Data source: NCES Common Core of Data (CCD), 2022–2023 district-level data for North Carolina.
The dataset includes student enrollment counts disaggregated by race, sex, and grade, along with teacher staffing counts.
These variables allow me to compute student–teacher ratios and district-level demographic composition, which are the two indicators used in this analysis.
These data allow me to see which districts serve different groups of students and how heavily each district’s teachers are loaded, which is central to my equity question.
What I Did // Context
I will explore educational equity in North Carolina public schools using district-level data from the NCES Common Core of Data (CCD).
Educational equity refers to whether students across different districts have fair access to educational resources and learning conditions, regardless of income, race, or geographic location.
I will focus on district-level patterns, not individual students.
I use CCD data to see how staffing and who is being served (demographics) differ across districts, as a first step in describing equity in basic learning conditions.
Research Question
How do student–teacher ratios and demographic composition vary across North Carolina school districts, and what do these patterns suggest about equity in access to educational resources?
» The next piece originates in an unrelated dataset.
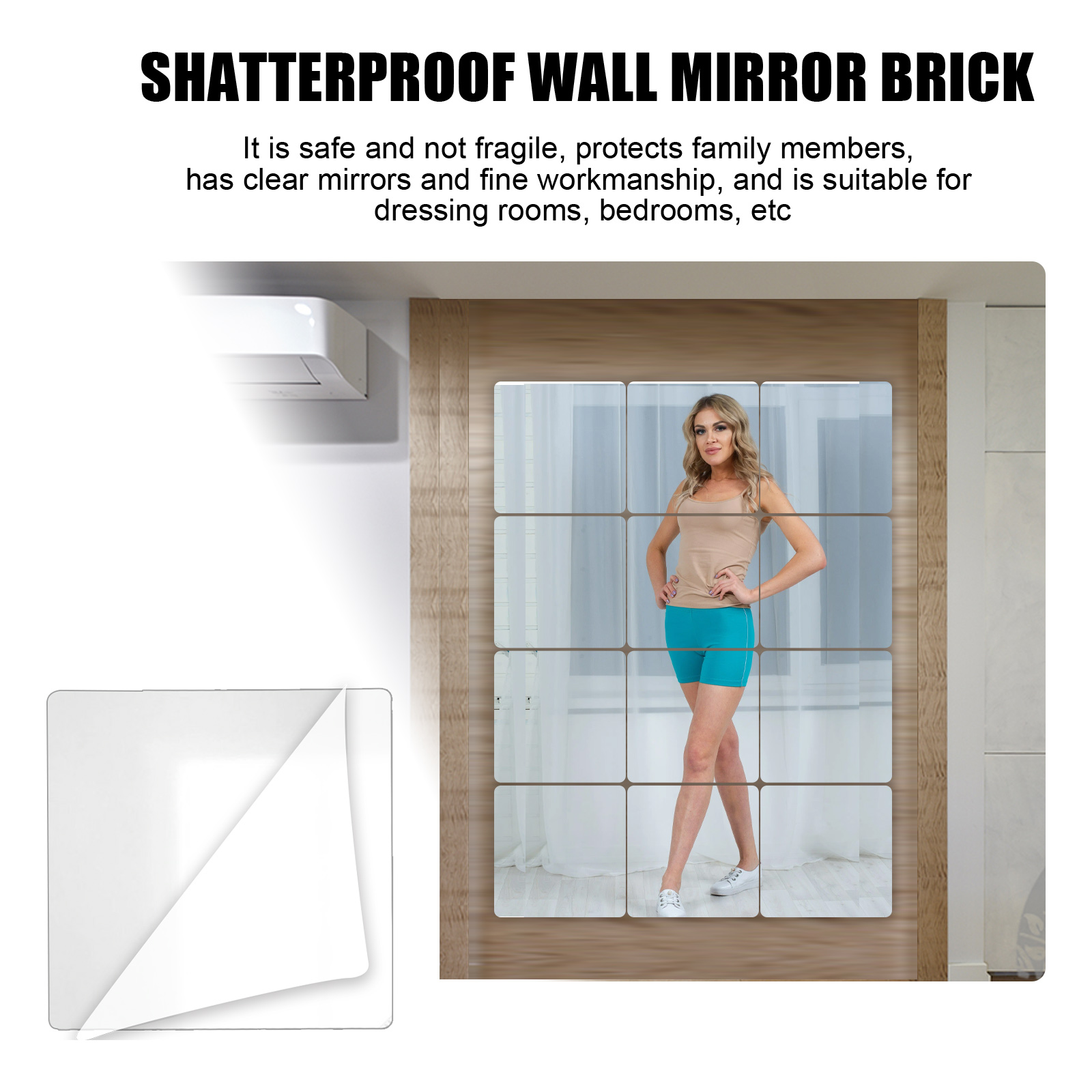 我们的防摔墙面镜子含有亚克力。它可安装在光滑的墙壁和家居上。它的使用方法很简单:先撕下保护膜(如果不撕掉保护膜,镜子会模糊不清)然后贴在你想要的家具位置。使用了你可以拥有一面安全又清晰的镜子,好好欣赏自己的美。

Why I Chose These Variables
Student–teacher ratio directly reflects staffing equity, showing which districts have fewer instructional adults per student and therefore more limited learning support.
Racial demographic percentages highlight differences in who districts are serving, helping identify where historically marginalized groups are concentrated.
Comparing ratios and demographics together reveals districts where high student need and limited staffing overlap, pointing to areas where resource gaps may be most urgent.
I use these variables to create district-level summaries and visualizations that show how these conditions vary statewide.
Stakeholders & Use Cases
State and district education leaders
Policymakers
Equity-focused organizations
Families and community advocates
These Groups Could Use the Findings To:
Identify and advocate for under-resourced districts and more equitable policies and funding.
Support communities with higher needs, especially in a digitized society where basic educational conditions still vary.
For example, if we see clusters of districts with high student–teacher ratios and high proportions of historically marginalized students, these groups could prioritize those regions for staffing investments or targeted wraparound services.
Why This Topic?
North Carolina districts differ widely in staffing and student demographics.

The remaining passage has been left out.